© HEI Hotels & Resorts / Merritt Hospitality LLC
Project Summary:
Target audience: mid- to senior-level Operations leadership across 75 hotels
Tools used: PowerPoint, Audacity, Photoshop, Microsoft Excel, Brainshark
My responsibilities:
- Stakeholder management: initial needs analysis and SME interviews, provided weekly updates on progress to CEO, solicited multiple stages of feedback, drove approvals from multiple SMEs
- E-Learning design and development: wrote video script, animated video using PowerPoint and Brainshark, recorded/edited voiceover audio, created assessment, iterated based on stakeholder feedback as necessary
- Implementation: create and upload SCORM to Learning Management System; assign to relevant role-specific curricula; monitor completion rates in 30, 60, and 90 day increments; created storyboards to facilitate sustainable improvements in the future
Result: brief supplementary video intended to increase Guest Satisfaction scores until full training program could be developed and released.
Creating Change Quickly
Task: guest experience scores at HEI hotels put some properties in danger of missing contractual obligations
HEI hotels are contractually obliged to maintain certain levels of guest satisfaction that correspond with brand standards. While many of our hotels had stellar satisfaction ratings, a sizable percentage were lagging far below brand standards.
We set out to determine what contributed most profoundly to high scores at leading hotels, and found that, across the board, there were six areas that had the most material impact on overall satisfaction scores. These same six metrics were areas in which struggling hotels scored poorly. Additionally, when hotels were empowered to make common-sense improvements in these areas, guest satisfaction soared.
Solution: increase guest satisfaction by teaching teams how to succeed in the most impactful areas of the customer experience
Mastering these six elements was not enough to guarantee excellence in guest satisfaction across our whole portfolio; that would require a mountain of strategy development and business process management. However, improvements in these areas would allow our lowest-performing hotels to quickly make small changes that would have an immediate impact on their guest satisfaction scores.

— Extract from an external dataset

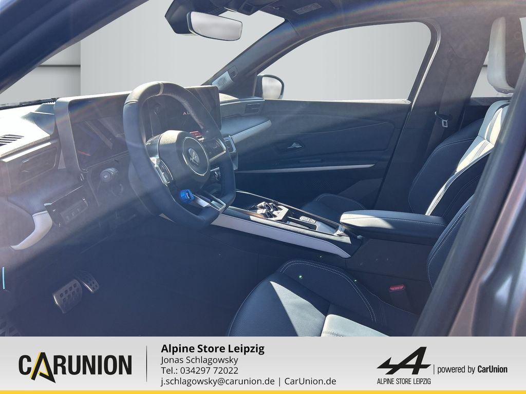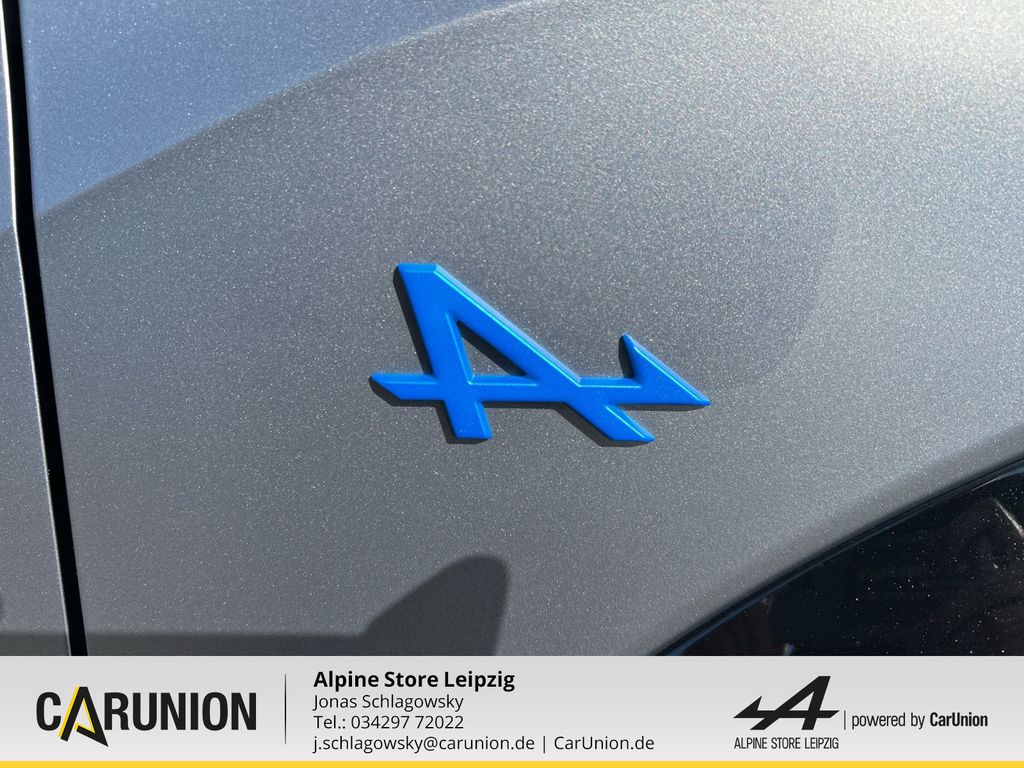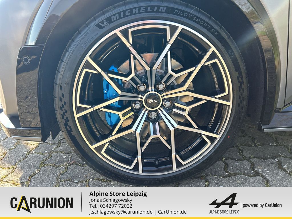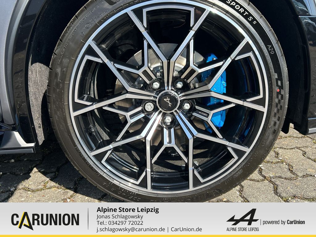 Alpine Monogramm, blau, SNOWFLAKE Alu-Räder 19 Zoll, Diamant-Schliff, Entfall Modellname Heckklappe, Batterie, Bremssättel vorne in Alpine-Blau, Driving Paket, Safety-Paket, Modellname Heckklappe, Voll-LED-Scheinwerfer LED Pure Vision, Fernlichtassistent, Sport-Nappa-Lederlenkrad abgeflacht, Beheizbares Lenkrad, Stark getönte Heck- und Seitenscheiben hinten, Vordersitze beheizbar, Interieur Nappaleder in Deep Blue/Evee Grey mit Alpine-Nähte, Nappaleder in Deep Blue/Evee Grey mit Alpine-Nähten und Mono, Fahrer und Beifahrersitz höhenverstellbar Vordersitze beids, Elektronische Bremskraftverteilung, 2 USB-C Anschlüsse vorne, ISOFIX-i-Size-Kindersitzbefestigung, Mittelkonsole mit Staufach und Mittelarmlehne, Induktive Smartphoneladefläche, Sicherheitsabstand-Warner, LED-Tagfahrlicht, Elektronisches Stabilitätsprogramm (ESP) mit Berganfahrhilfe, SNOWFLAKE Alu-Räder 19 Zoll Schwarz glänzend, Reifenreparaturset, eCall-Notrufsystem, Rückfahrkamera, Reifendruck kontrolle direkt, MULTI-SENSE mit Ambientebeleuchtung zur individuellen Einste, Ohne Livery, Ambientebeleuchtung vorne, Einparkhilfe vorne hinten und seitlich, Klimaautomatik, Alpine Emblem vordere Kotflügel, Licht- und Regensensor, Länderkennzeichen Deutschland, Wärmepumpe, Spurhalteassistent, AC 11kW On-board Charger, Haifischantenne, Ladekabel Mode 3, Dachlinie Blau Matt eloxiert, Alpine Sportfahrwerk, Alpine Telemetrics Expert, Bremssättel vorne in Racing-Rot, Kabellose Smartphone-Integration via Android Auto(TM) und Ap, Keycard Handsfree, Alpine Portal 101" mit Google built-in und Devialet Premi, Reifen: Michelin Pilot Sport 5S, Alpine Monogramm schwarz, Alpine-Logo Lenkradnabe Schwarz, Ohne blauen Radnabendeckel, Ohne Dachbeklebung, Adaptiver Tempopilot

For one of my first solo projects on the training team, I was tasked with:
- Connecting with SMEs for strategy guidance
- Writing the scripts and assessment
- Pushing materials through the stakeholder approval process
- Recording and editing the voiceover
- Creating storyboards post-launch to help with future updates
- And designing, developing, and distributing the course to employees.
Result: a quick, clear training video with actionable insight on how to improve the guest experience
At a point where the team frequently had 90-day turnarounds between initial research and training program delivery, this series went from initial concept to circulation within 3 weeks.
The Final Product
Storyboarding for Success
Click on any of the thumbnails below to zoom, or use the text link below to download the full PDF for better readability.
Download Full PDFWhat I Learned
- Basic storyboarding for e-Learning: while these storyboards were meant as an internal tool and do not have the polish I would typically strive for, they were also the first time anyone on the team had utilized storyboarding for our e-Learning projects. I enjoyed learning the process and defining how our team should approach it.
- Complex animation in PowerPoint - the "vignettes" I created for this program were more advanced than any of my peers had worked on previously. I was able to teach them my approach for creating these, and also saved them as templates so the scenes could be reused in future projects.